Periodic Reporting for period 3 - ECOLANG (Ecological Language: A multimodal approach to language and the brain)
Reporting period: 2021-01-01 to 2022-06-30
ECOLANG studies language learning and comprehension in the real-world, investigating language as the rich set of cues available in face-to-face communication. We ask whether and how do children and adults use multimodal cues to learn new vocabulary and to process known words. We further ask how the brain integrates the different types of multimodal information during language learning and comprehension.
Using a real-world approach to language learning and comprehension provides key novel insights that can enhance treatments for developmental and acquired language disorders. It also provides novel constraints for automatic language processing, leading to improved performance by automatic systems in learning and processing language and in interacting with humans.
We have begun assessing the interaction between linguistic predictability (measured as linguistic surprisal based on n-gram or RNN models) and multimodal cues such as prosodic modulation and presence of gestures. We ask whether word surprisal predicts whether speakers would produce a prosodic modulation (we focused on word duration), expecting to see longer durations for words that are less predictable in the preceding context. We also looked at representational gestures (gestures that imagistically refer to what is being talked about) expecting to see that speakers produce more gestures for more surprising words. This is precisely what we observed (Grzyb, Vigliocco & Frank, in prep). Overall this work indicates the potential of using computational models to assess the interdependence between the use of specific words and multimodal cues such as gestures or prosodic modulation.

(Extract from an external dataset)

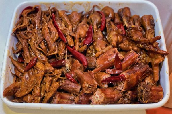 食材:雞爪、花椒、八角、桂皮、香葉、冰糖、料酒、老抽、生抽、十三香、姜。

In behavioural studies, we developed quantification of informativeness of gestures, and especially mouth movements to assess the impact of multimodal cues such as gestures and mouth movements and their interactions on word recognition. We have found that we found that gesture informativeness and mouth movements speed up word recognition (Krason, Fenton & Vigliocco, in prep). In electrophysiological work using naturalistic stimuli, we have investigated whether the presence of multimodal cues (and their combination) modulate a biomarker of processing difficulty (N400). We have found that all the multimodal cues we investigated (representational gestures, beats, prosodic stress and mouth movements) affect the processing of words for first and second language users indicating that these cues are central to language processing. We also found that their impact dynamically changes depending upon their informativeness and finally, we found a hierarchy: prosody shows the strongest effect followed by gestures and mouth movements (Zhang, Frassinelli, Tuomainen & Vigliocco, 2020). Thus, these studies provide a first snapshot into how the brain dynamically weights audiovisual cues in language comprehension.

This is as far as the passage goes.